Problem with sound

Monsta wrote on 11/23/2003, 2:54 AM
I have a little problem with the sound on my videos. When I play my movies in windows media player the sound for my movies works fine, but when I try to import my media to screenblast I lose all of the sound. I do not know how to import the sound as well. Is it because the file I imported is impeg? If anyone could help me that would be greatly appreciated. Thanks-

Eric

Comments

jeffend wrote on 12/10/2003, 9:56 AM
According to Movie Studio support staff. Movie studio does NOT work with the "mpg" file format, which is "AC3" as I understood him.... so our only option is to convert the AC# audio to a "wav" file... He did not have a clue on how to accomplish this..... I just wanted to pass that along to you...
SonyNateM wrote on 12/10/2003, 4:13 PM
MPEG and AC-3 are two entirely seperate formats.

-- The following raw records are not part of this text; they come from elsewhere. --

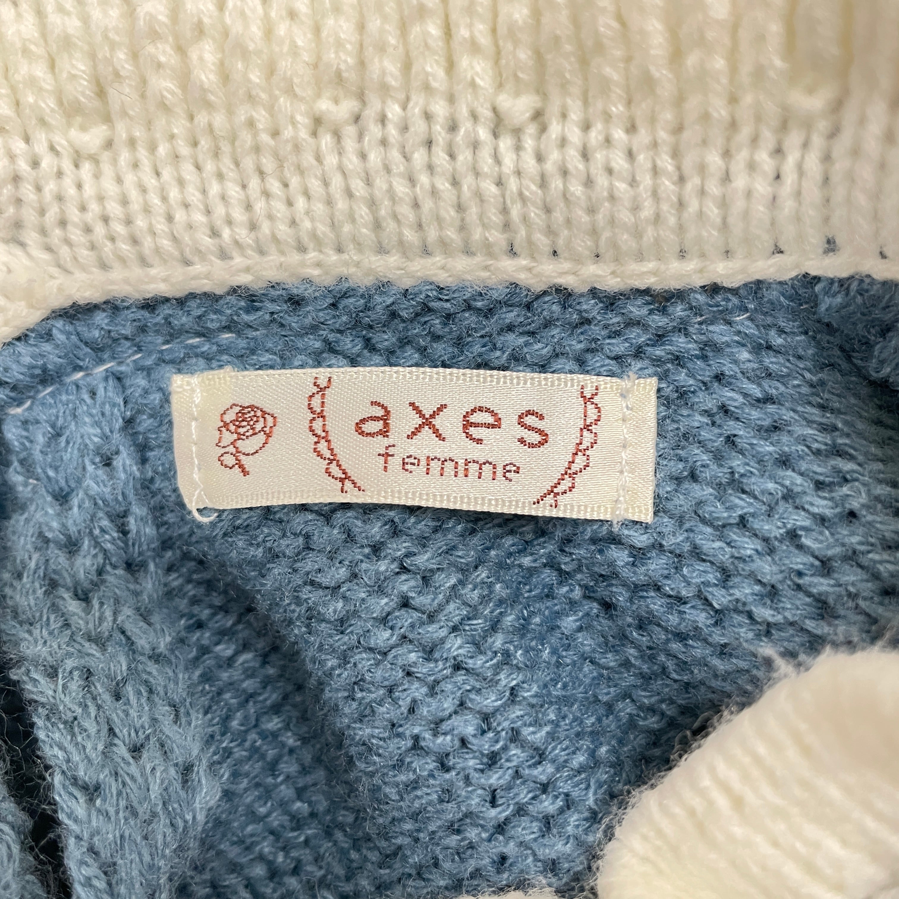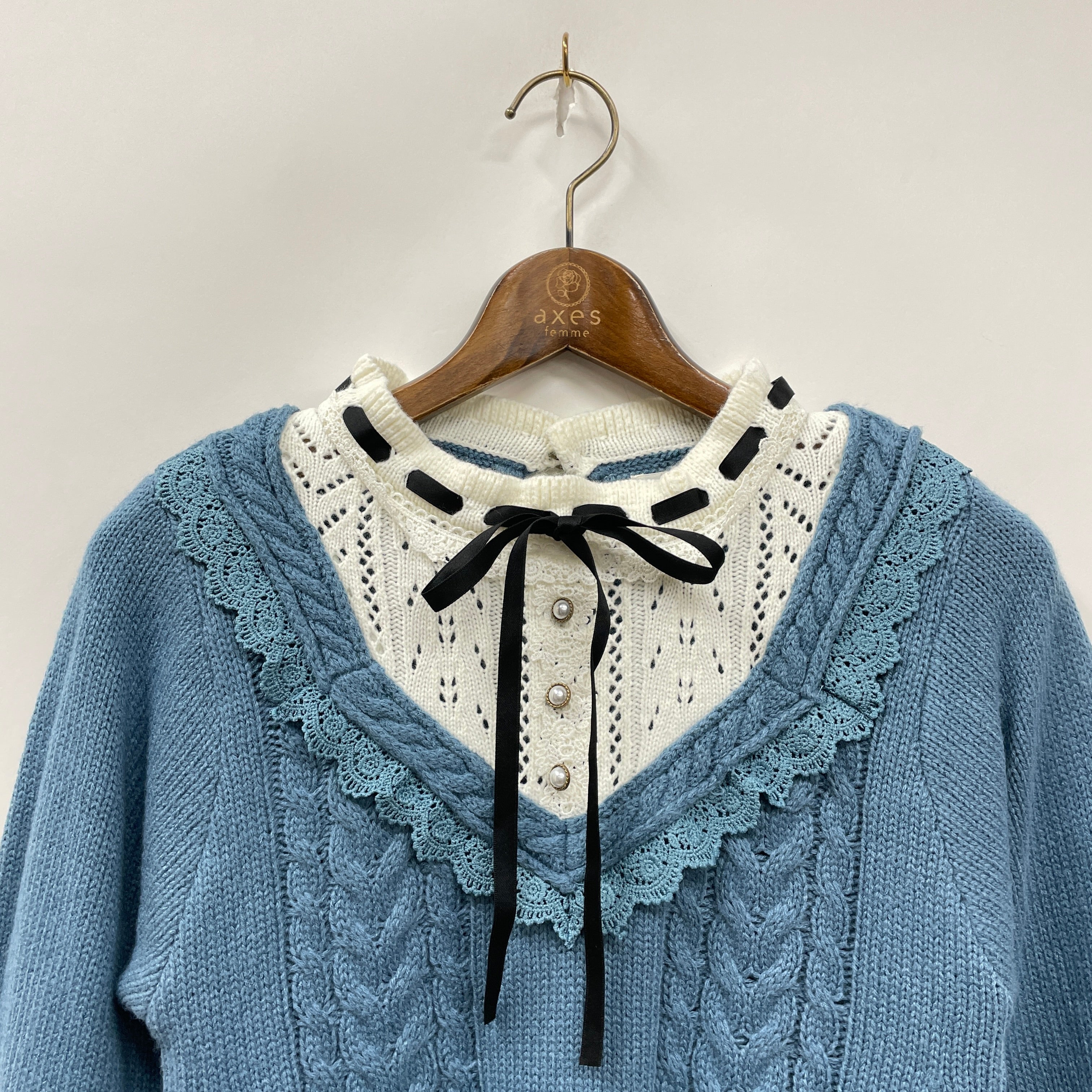 配色のリボンとブロッキングデザインがポイントのニットワンピースです。
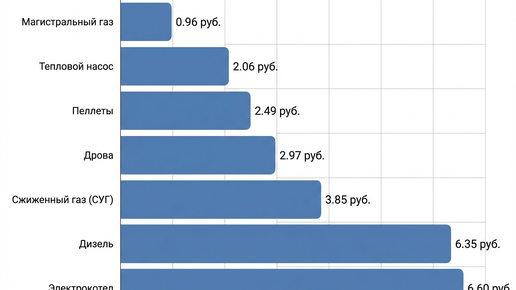 Сколько реально стоит обогрев дома в Московской области? Мы собрали актуальные для отопительного сезона 2025-2026 гг. данные и сделали сравнительный расчет стоимости тепла от разных источников для Московской области. Давайте пройдемся по списку от самого дешевого к самому дорогому киловатту и посмотрим, что стоит за этими цифрами. Цена 1 м³ — 8,37 руб. Удельная теплота сгорания G20 составляет 34,02 МДж/м³, или 9,45 кВт·ч энергии. КПД современного конденсационного котла — около 92%. Итого: 1 кВт·ч тепла за 0,96 руб...
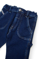 Jeans relaxed con costuras en contraste. El modelo presenta cinco bolsillos, denim azul con bordado decorativo en la parte trasera.

MPEG is a standard that can be used to encode either video or audio (in a standard video-and-sound file, the audio and video streams are encoded seperately and interleaved. AC-3 audio can also be interleaved into MPEG, but is a different format, see below). Movie Studio supports both MPEG-1 (the standard used for VideoCD's and most MPEG video you find on the net) and MPEG-2 (the format used for digital cable/satellite video and DVD's) video and audio.

AC-3 is the Dolby Digital Surround Sound audio standard used to create surround tracks for DVD's and in movie theaters. Due to the high cost of licensing this technology (it would likely more than double the shelf cost of Movie Studio), support for this format is not included. Our Vegas 4.0 professional audio/video editing tool does have purchasable support for writing to this format, if you are interested in authoring surround sound movies.

I hope this helps to clear things up. Now on to your issue, Monsta. What type of file are you importing? AVI? MPEG? WMV? Quicktime? If you know the source of this file or what was used to encode it it will help me to determine what codec was used to compress the audio and I should be able to help you out, or at least point you to a workaround solution.